━━ PROVIDED DATA ━━
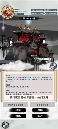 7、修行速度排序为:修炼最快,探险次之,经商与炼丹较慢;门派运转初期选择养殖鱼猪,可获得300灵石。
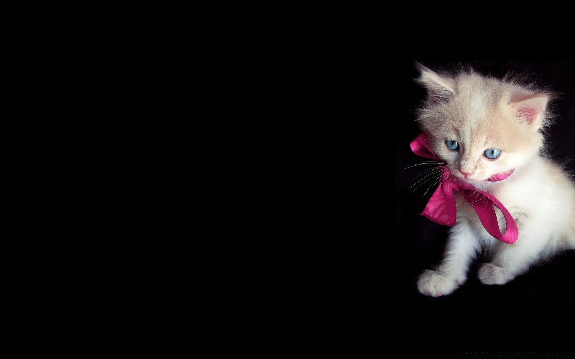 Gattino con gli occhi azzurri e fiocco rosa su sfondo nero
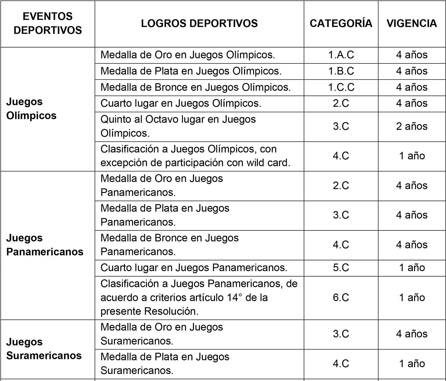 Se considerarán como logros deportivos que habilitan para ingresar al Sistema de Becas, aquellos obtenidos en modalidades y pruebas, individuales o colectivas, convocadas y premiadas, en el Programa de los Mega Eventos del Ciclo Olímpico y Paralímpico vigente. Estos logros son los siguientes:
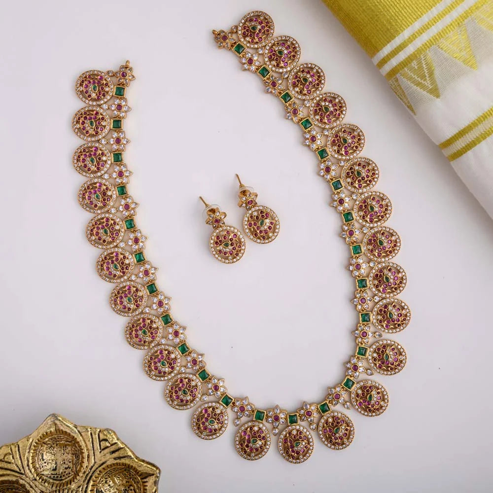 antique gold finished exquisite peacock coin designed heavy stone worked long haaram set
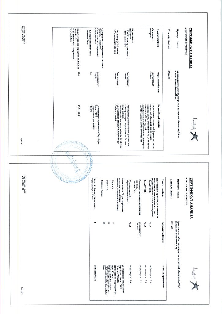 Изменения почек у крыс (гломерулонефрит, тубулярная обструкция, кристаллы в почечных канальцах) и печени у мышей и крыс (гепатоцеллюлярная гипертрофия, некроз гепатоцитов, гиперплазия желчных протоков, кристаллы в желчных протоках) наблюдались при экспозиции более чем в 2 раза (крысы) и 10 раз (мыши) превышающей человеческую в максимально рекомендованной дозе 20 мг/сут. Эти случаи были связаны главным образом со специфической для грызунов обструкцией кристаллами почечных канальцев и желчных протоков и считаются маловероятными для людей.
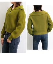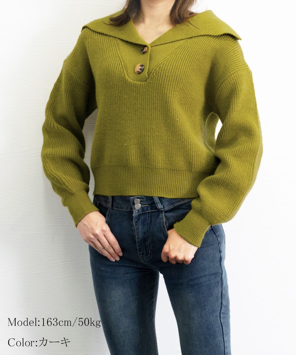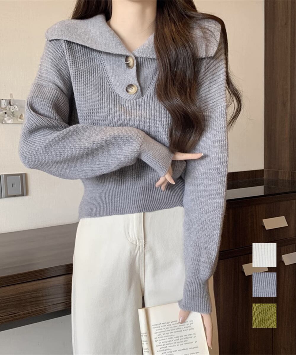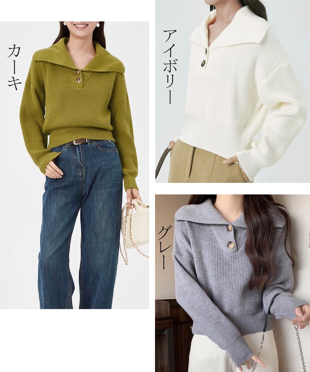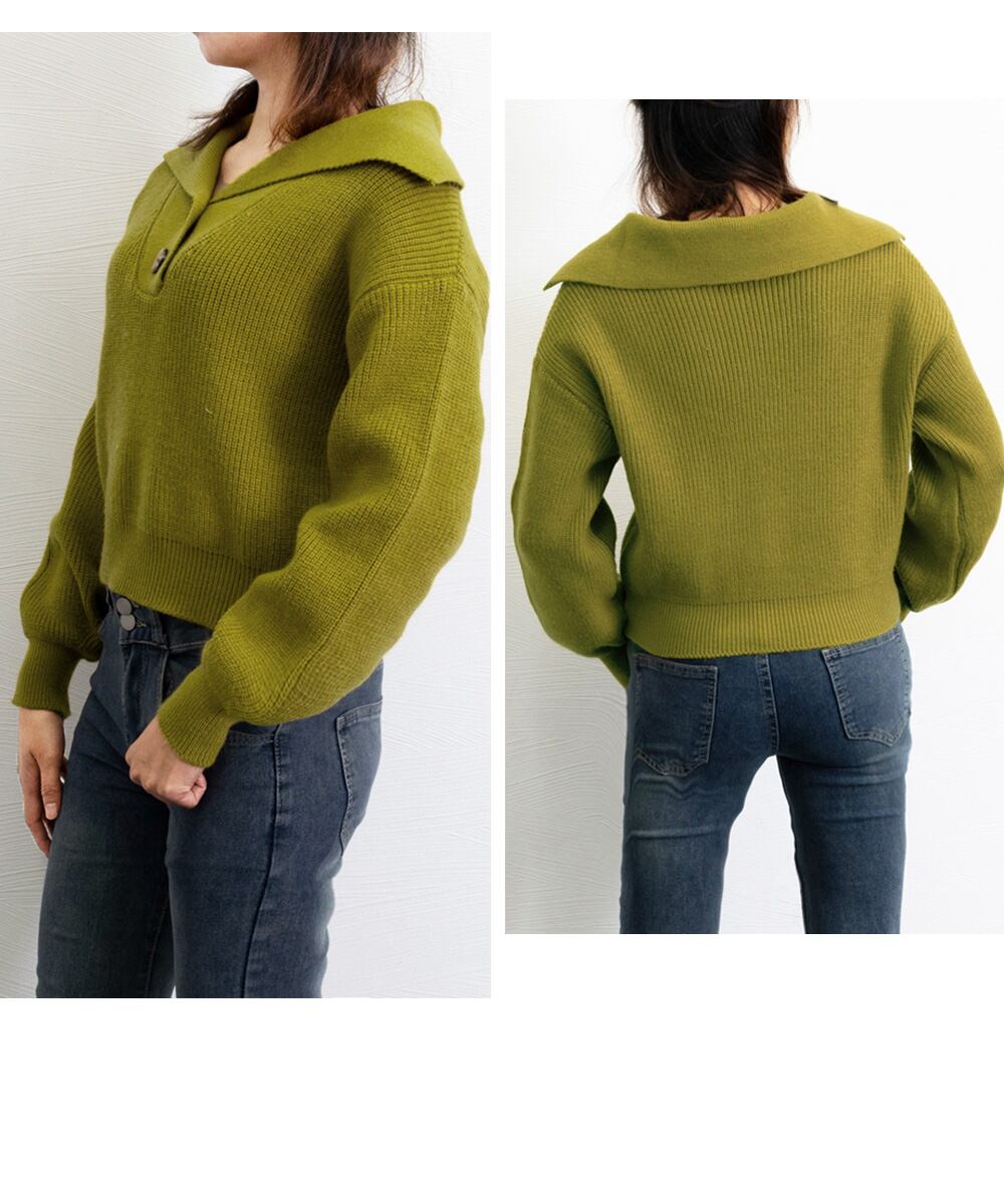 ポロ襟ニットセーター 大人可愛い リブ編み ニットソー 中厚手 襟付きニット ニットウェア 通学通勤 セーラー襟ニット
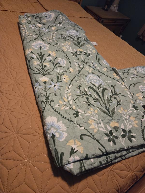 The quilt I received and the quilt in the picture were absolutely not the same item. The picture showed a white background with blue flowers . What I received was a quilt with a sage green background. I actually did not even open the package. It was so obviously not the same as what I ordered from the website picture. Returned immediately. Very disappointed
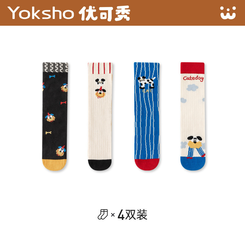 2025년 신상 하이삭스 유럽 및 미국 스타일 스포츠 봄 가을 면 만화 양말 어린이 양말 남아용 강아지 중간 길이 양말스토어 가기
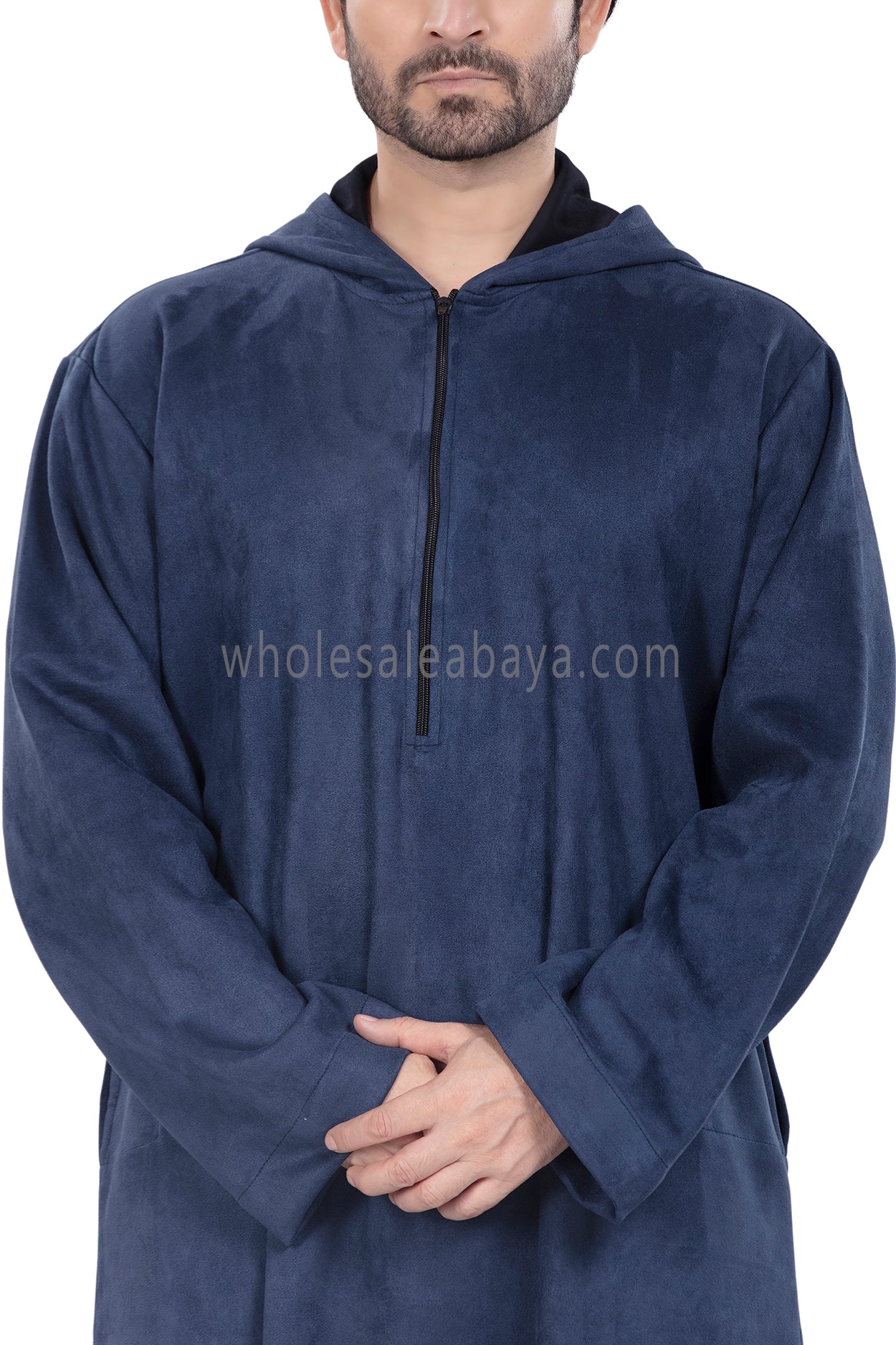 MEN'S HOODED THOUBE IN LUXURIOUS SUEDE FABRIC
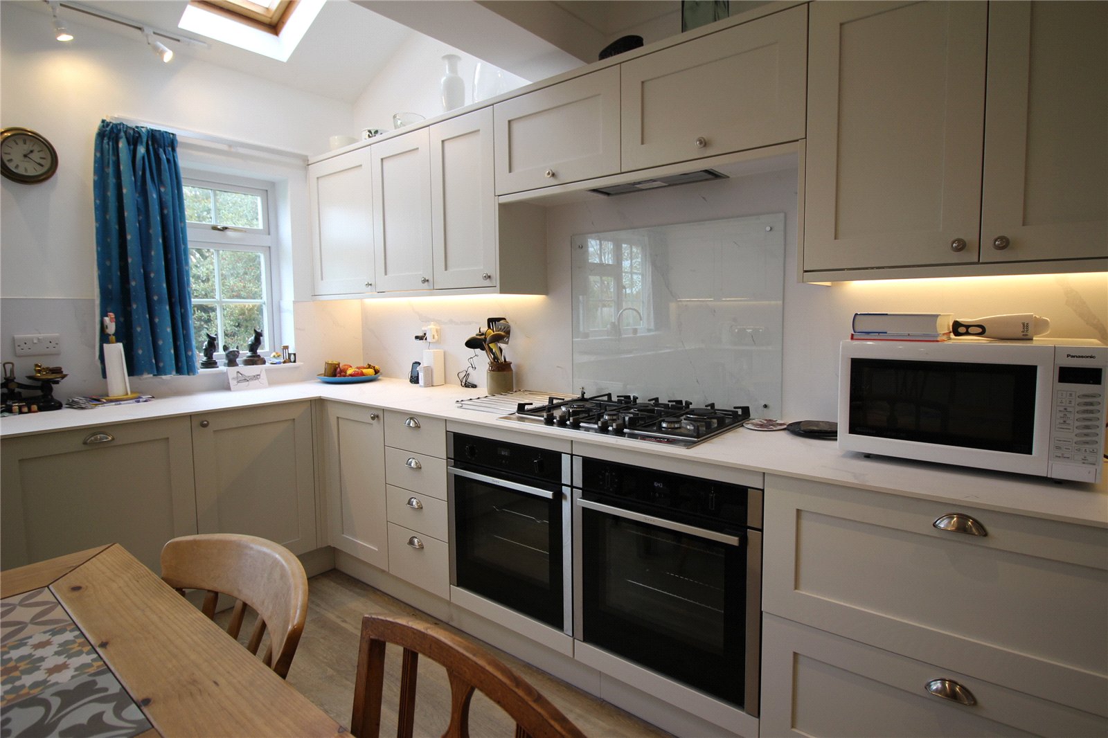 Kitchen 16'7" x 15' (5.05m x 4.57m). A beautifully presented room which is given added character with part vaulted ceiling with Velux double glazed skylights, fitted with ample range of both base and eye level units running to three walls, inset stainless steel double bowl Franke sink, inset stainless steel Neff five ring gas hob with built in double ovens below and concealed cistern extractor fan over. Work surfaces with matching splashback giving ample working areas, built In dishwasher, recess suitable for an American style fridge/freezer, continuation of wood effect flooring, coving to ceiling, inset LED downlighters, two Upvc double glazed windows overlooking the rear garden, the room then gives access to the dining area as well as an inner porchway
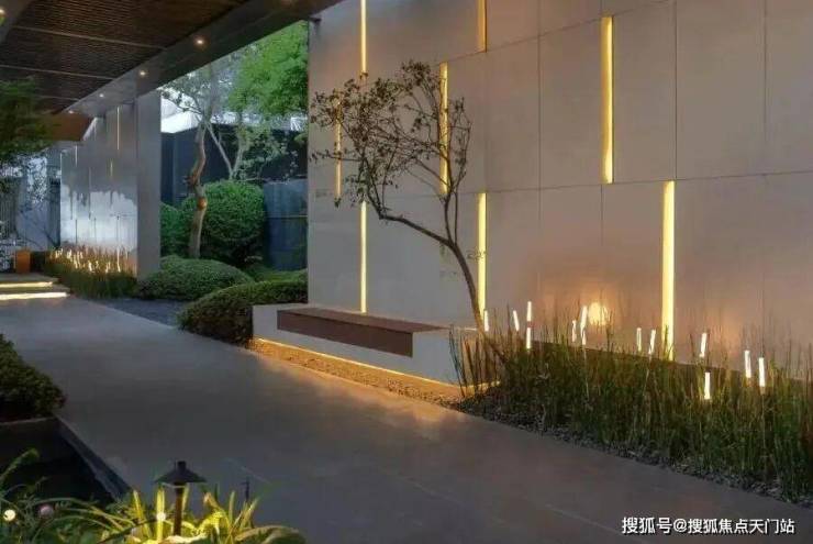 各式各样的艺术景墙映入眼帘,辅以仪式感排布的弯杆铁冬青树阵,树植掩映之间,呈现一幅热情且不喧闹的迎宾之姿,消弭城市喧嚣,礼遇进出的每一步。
━━━
**THE PROBLEM:** From the line that contains "MEN'S HOODED THOUBE" through the last line of the entries, transcribe every line exactly, leaving out the pictures.

**OUTPUT OF THE EXERCISE:**
 MEN'S HOODED THOUBE IN LUXURIOUS SUEDE FABRIC
 Kitchen 16'7" x 15' (5.05m x 4.57m). A beautifully presented room which is given added character with part vaulted ceiling with Velux double glazed skylights, fitted with ample range of both base and eye level units running to three walls, inset stainless steel double bowl Franke sink, inset stainless steel Neff five ring gas hob with built in double ovens below and concealed cistern extractor fan over. Work surfaces with matching splashback giving ample working areas, built In dishwasher, recess suitable for an American style fridge/freezer, continuation of wood effect flooring, coving to ceiling, inset LED downlighters, two Upvc double glazed windows overlooking the rear garden, the room then gives access to the dining area as well as an inner porchway
 各式各样的艺术景墙映入眼帘,辅以仪式感排布的弯杆铁冬青树阵,树植掩映之间,呈现一幅热情且不喧闹的迎宾之姿,消弭城市喧嚣,礼遇进出的每一步。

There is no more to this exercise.